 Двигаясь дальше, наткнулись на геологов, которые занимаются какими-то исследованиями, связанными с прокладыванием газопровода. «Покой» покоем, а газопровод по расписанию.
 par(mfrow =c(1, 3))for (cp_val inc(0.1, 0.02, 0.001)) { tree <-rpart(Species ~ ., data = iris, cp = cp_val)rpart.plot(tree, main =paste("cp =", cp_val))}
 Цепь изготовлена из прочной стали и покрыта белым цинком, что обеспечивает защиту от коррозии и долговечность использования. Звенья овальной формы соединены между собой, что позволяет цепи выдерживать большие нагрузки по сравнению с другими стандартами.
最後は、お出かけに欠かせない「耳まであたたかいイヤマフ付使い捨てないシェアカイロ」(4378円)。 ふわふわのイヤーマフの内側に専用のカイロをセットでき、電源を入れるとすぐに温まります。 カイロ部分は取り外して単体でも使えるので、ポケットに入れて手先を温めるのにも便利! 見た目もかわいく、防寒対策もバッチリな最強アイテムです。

---

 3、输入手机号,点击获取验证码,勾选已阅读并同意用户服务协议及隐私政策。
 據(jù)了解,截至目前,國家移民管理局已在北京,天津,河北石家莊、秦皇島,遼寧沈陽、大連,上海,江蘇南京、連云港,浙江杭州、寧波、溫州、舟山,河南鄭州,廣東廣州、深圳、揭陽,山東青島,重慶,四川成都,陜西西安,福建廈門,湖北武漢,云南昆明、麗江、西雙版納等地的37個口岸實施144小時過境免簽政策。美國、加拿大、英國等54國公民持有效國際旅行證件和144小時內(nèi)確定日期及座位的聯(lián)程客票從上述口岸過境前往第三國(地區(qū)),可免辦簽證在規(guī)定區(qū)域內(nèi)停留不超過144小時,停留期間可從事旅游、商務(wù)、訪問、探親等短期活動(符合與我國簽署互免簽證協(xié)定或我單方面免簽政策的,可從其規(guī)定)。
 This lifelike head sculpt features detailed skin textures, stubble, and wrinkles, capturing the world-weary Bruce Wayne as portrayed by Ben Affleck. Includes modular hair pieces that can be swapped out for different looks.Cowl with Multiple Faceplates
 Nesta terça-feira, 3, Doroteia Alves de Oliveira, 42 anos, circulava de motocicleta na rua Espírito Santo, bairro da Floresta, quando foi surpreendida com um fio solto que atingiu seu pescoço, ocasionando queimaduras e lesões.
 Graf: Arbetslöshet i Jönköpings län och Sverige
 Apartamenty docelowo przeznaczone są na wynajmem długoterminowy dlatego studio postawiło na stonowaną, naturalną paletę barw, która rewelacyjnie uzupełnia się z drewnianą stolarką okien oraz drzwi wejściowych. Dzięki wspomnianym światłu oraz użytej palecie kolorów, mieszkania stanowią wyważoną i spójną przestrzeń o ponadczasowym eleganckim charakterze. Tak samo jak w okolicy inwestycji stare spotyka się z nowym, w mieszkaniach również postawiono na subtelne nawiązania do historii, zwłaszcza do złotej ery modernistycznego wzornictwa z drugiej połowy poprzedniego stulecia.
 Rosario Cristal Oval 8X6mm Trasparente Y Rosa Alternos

---

§ **EXERCISE DESCRIPTION**
Working from the data above, extract solely the lines from the one containing "Двигаясь дальше, наткнулись" through the one containing "par(mfrow =c(1, 3))for", exactly as they appear, both included.

§ **EXERCISE SOLUTION**
 Двигаясь дальше, наткнулись на геологов, которые занимаются какими-то исследованиями, связанными с прокладыванием газопровода. «Покой» покоем, а газопровод по расписанию.
 par(mfrow =c(1, 3))for (cp_val inc(0.1, 0.02, 0.001)) { tree <-rpart(Species ~ ., data = iris, cp = cp_val)rpart.plot(tree, main =paste("cp =", cp_val))}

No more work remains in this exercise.